Binary On-Disk Representation
SKI is gzipped tar archive with band files, info and meta JSON files.
Bands
Bands are stored into separate files with names xxxxx.skb
where x is index
of the band (e.g. 00000.skb
). First two bytes of the file are an unsigned
integer whose value map to data type according to following table:
value |
dtype |
---|---|
2 |
binarized |
8 |
uint8 |
9 |
int8 |
16 |
uint16 |
17 |
int16 |
32 |
uint32 |
33 |
int32 |
34 |
float32 |
64 |
uint64 |
65 |
int64 |
66 |
float64 |
67 |
stretched float |
binarized
dtype represents uint8 np.dtype
where all values are either 0
or 1. stretched float
is saved as uint16 np.dtype
but when loaded it is
represented by float32 np.dtype
.
float64
dtype is now deprecated but there is backwards compatibility to load legacy SKIs.
Next eight bytes are little endian floats. They represent value range
which is used only for
stretched float
, for all other dtypes it is set to (0, 0)
. For stretched float
value range
represents what the uint16 array should stretch into. For most
current use cases it is set to (0, 1)
.
Next four bytes represent a number of columns and rows. These bytes follow little endian format. The rest of the file is row-major ordered data of the band.

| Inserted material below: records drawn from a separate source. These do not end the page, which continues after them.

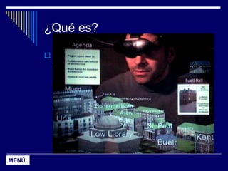 La realidad aumentada consiste en superponer información virtual al mundo real en tiempo real mediante dispositivos como pantallas en la cabeza o en la mano. El software registra imágenes del mundo real y fusiona elementos virtuales utilizando técnicas de visión por computadora, mientras que el hardware incluye cámaras, sensores y procesadores potentes. Las aplicaciones van desde la educación y la cirugía hasta el entretenimiento y la publicidad.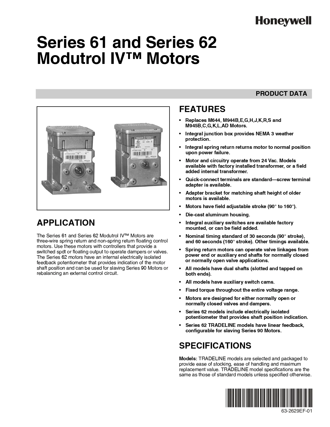 Honeywell Modutrol IV Motors – 62 Series เป็นมอเตอร์ควบคุมสำหรับ dampers และ valves ที่รองรับทั้ง spring return และ non‑spring return มี housing แบบ NEMA 3 weather‑protected, ปรับ stroke ได้ และติดตั้งง่าย เหมาะสำหรับ HVAC, boilers และ furnaces ที่ต้องการความปลอดภัยและความยืดหยุ่นสูง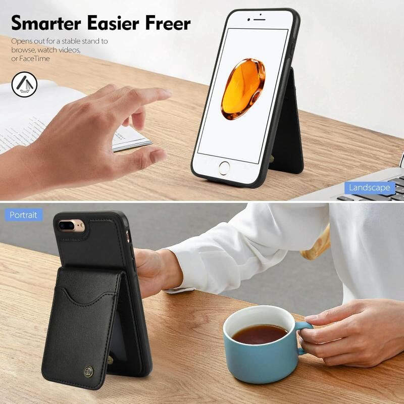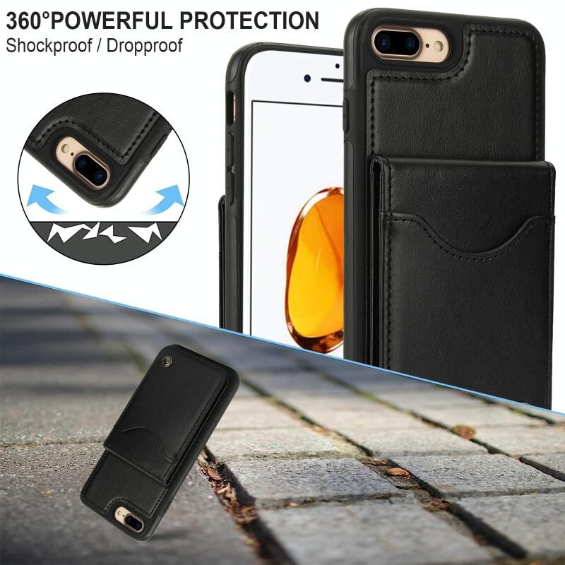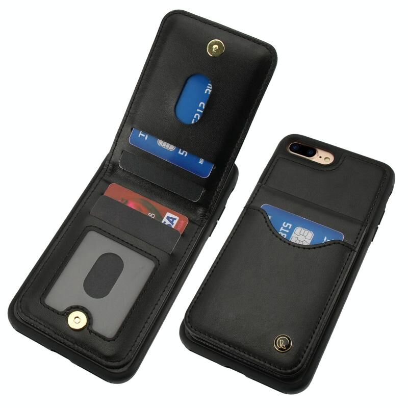 Για iPhone 7 Plus / 8 Plus AwQuer Θήκη Τηλεφώνου από Δέρμα με Κάτοχο Κάρτας και Κάθετη Αναδίπλωση (Μαύρο) (Awquer)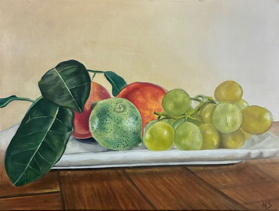 Immerse yourself in the timeless beauty of still life with "Still Life 1" by Noemi Sapuppo. This painting masterfully captures the freshness and vitality of fruit, arranged on an elegant white plate. Rendered on canvas, this piece expresses striking realism, with meticulous detail that lends depth and life to the composition. The vibrant colors of green, red, and yellow blend harmoniously, creating a visual contrast that draws attention and enriches any setting. The balanced composition and color palette make this painting a refined addition to homes and exhibition spaces. Be inspired by the simplicity and elegance of this artwork, perfect for those who appreciate classic design and artistic quality. Contact us for more information or to add this masterpiece to your collection.
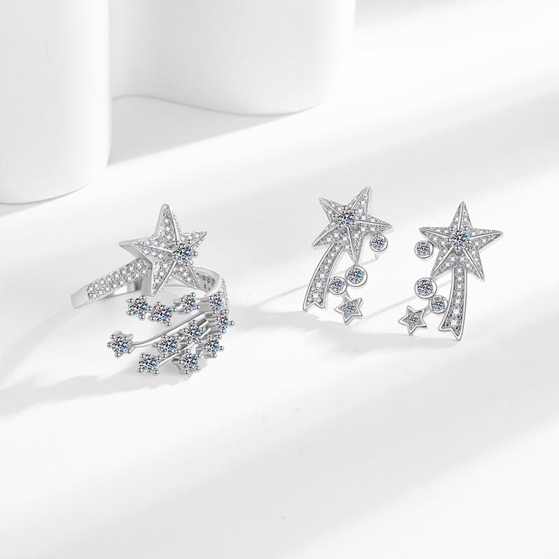แหวนลายดาวตกเพชรเต็มวง ดีไซน์สำหรับผู้หญิง ลายกาแล็กซี่ระหว่างดวงดาว ดีไซน์คลาสสิก หวานละมุน แหวนของขวัญ เครื่องประดับ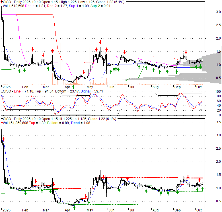Price has closed above its short-term moving average. Short-term moving average is currently above mid-term; and above long-term moving average. From the relationship between price and moving averages: This stock is BULLISH in short-term; and NEUTRAL in mid-long term.[ CISO ] has closed It is unclear right now based on current values. 49.6% narrower than normal. The narrow width of the bands suggests low volatility as compared to its normal range. The bands have been in this narrow range for 2 bars. This is a sign that the market may be about to initiate a new trend.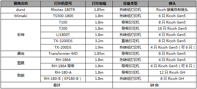 展會共統(tǒng)計18臺理光噴頭打印設(shè)備。除了durst(采用Ricoh噴嘴制作噴頭),勛朗(Ricoh GH小噴頭),其余展商全部使用Ricoh Gen5噴頭。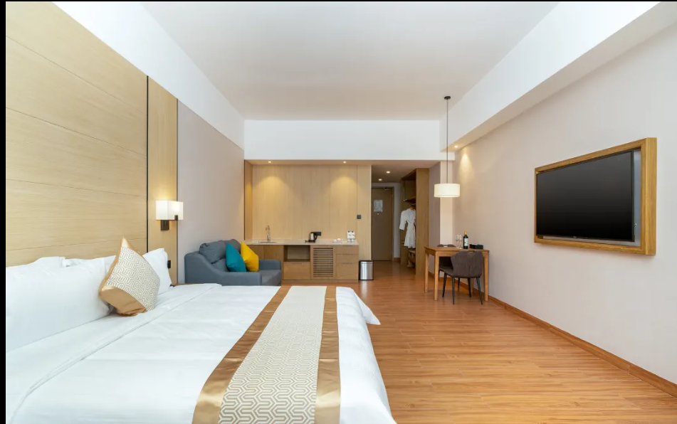 酒店位于占地约160万平方米的高尔夫球场内,其中主楼为层高15层的悦景楼。附楼为层高8楼的宜景楼。为周边客房总量居前列的大型酒店。酒店闹中取静,推窗即可触达绿茵美景。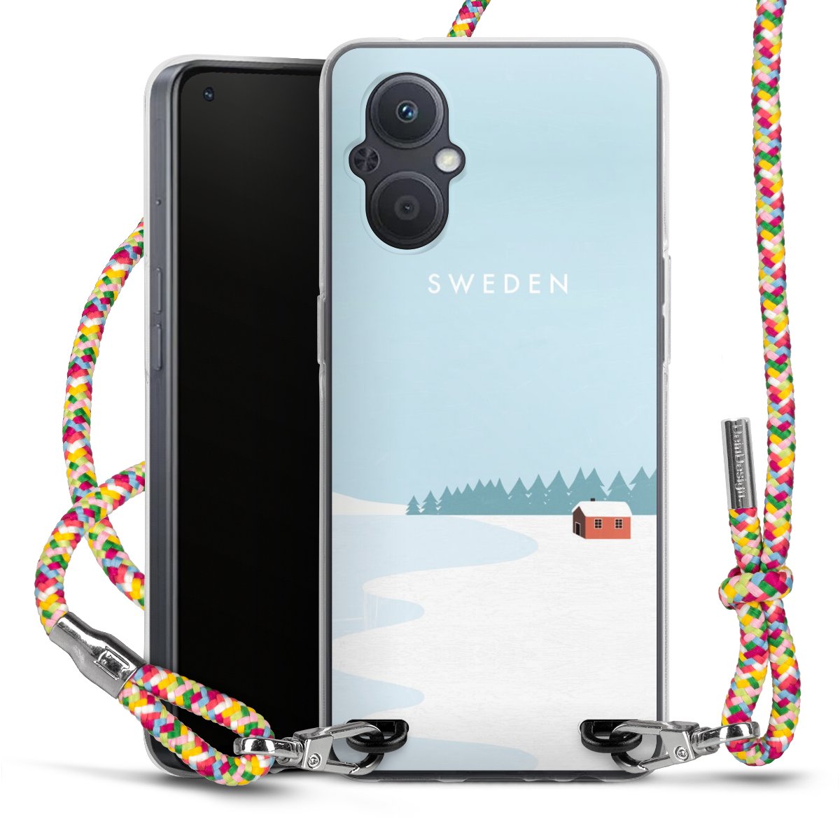 The flexible case is made from a highquality TPU material (thermoplastic Polyurethan). Thanks to its longlasting and break resistant characterisitcs, the case is flexible yet consistent in form and has a great grip and feel. The textile strap made from Polyester gives a chic yet casual accent allowing you to carry your phone like a bag or necklace - a practical gadget perfect for your next adventure. The textile strap is about 1.70 meters long and the length can easily be adjusted through the knots. Our Carry Case is available in Colourful, Mint-Camouflage, Very-Berry, Sahara-Sand and Sparkling-Neon. The ends of the textile strap are covered with metallic end caps to protect them against fraying.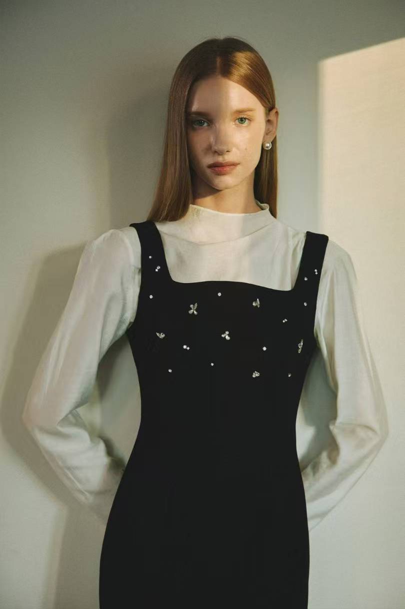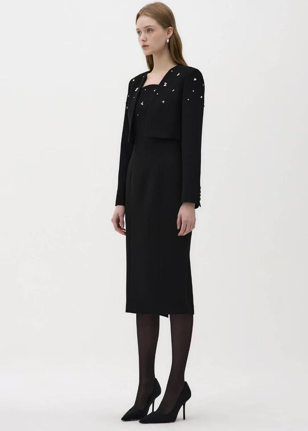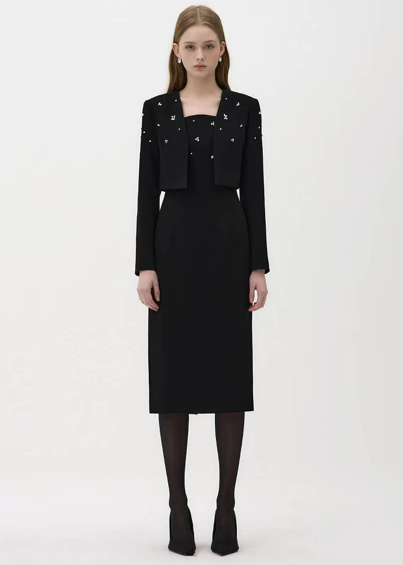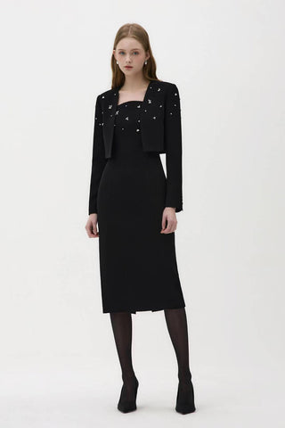 black outfit with star embellishments and dress (P169JK010+P169DR014) - JACKET / S / BLACK

Pixel values could be reconstructed with the following formula:
\(p_{r, c} = (p_{r - 1, c} + b_{r, c}) \mod 2^k\),
where \(p_{r, c}\) is the pixel value at the rth row and cth column, \(b_{r, c}\) is the value from a stored matrix at the rth row and cth column and k is the bit depth of the band (maximum value + 1). -1th row is defined as a row full of 0s, therefore, the encoded values of the first row are equal to real pixel values.
When the binary is constructed and inverse formula is used.
The above method of storing pixel values is only used for bands that use any integer as underlying data type including stretched float, the only exception is binarized dtype. For bands with floating point underlying data type and binarized dtype pixel values are stored directly.
The following is a hexadecimal example of a band containing uint8
pixels,
with value range (0, 0), one column and two rows. Value in the first row is 250
and 200 in the second.
08 00 00 00 00 00 00 00 00 00 01 00 00 00 02 00 00 00 FA C8
Info
Every SKI contains info.json
file which is UTF-8 encoded JSON serialized
data with information about the SKI. It contains a list of band names (band can
have multiple names), SKI version and SKI type (imagery, analysis).
Info file has this format:
{
"bands": [
{
"names": ["{band-name}"]
}
],
"version": "{SKI version}",
"skiType" "{type of SKI}"
}
Example of an RGB image:
{
"bands": [
{
"names": ["red"]
},
{
"names": ["green"]
},
{
"names": ["blue"]
}
],
"version": "200",
"skiType" "imagery"
}
Meta
An optional file meta.json
may be present in the SKI archive. This file
contains arbitrary JSON data set by the creator of the SKI. The file is UTF-8
encoded JSON serialized data.
Meta always contain scene metadata in SKIs produced by Ragnar API. Geo-referencing sub-set of the metadata (i.e. EPSG code, pixel size and CRS origin) is usually present in algorithm output (i.e. mask) SKIs.
Auxiliary Files
An arbitrary set of auxiliary files may be present in the aux/
sub-folder
of an SKI archive. This is a universal way to transfer additional data
from SKI producers to consumers.
No assumptions are made on the content of these files, it can be e.g. JSON, XML, binary file etc.
SKI Band Masks
Each band in an SKI has a corresponding data mask stored in separate
file named __MASK__{band_name}__
(e.g. __MASK__red__
). The
first two bytes of the file are an unsigned integer of value 3 which
states that the file is a mask. Next eight bytes are little endian
floats. They represent value range
which is set to (0, 0)
.
Next four bytes represent a number of columns and rows. These bytes
follow little endian format. The rest of the file is row-major ordered
8 bit unsigned integers (uint8) where each bit has a different meaning.
Bit 0b00000001
Value “1” corresponds to a valid pixel, other values indicate blackfill, lost, suspect or corrupt pixel. In the context of an algorithmic results, value “1” is set for pixels where the algorithm couldn’t perform adequately.
Bit 0b00000010
Value “1” corresponds to a pixel inside any area-based geometry from requested extent.
Bit 0b00000100
Value “1” corresponds to a lost, suspect or otherwise corrupt pixel. Value “1” implies pixel invalidity (least significant bit must be “0”).
This bit is available only in Planet imagery and is always set to “0” for other providers.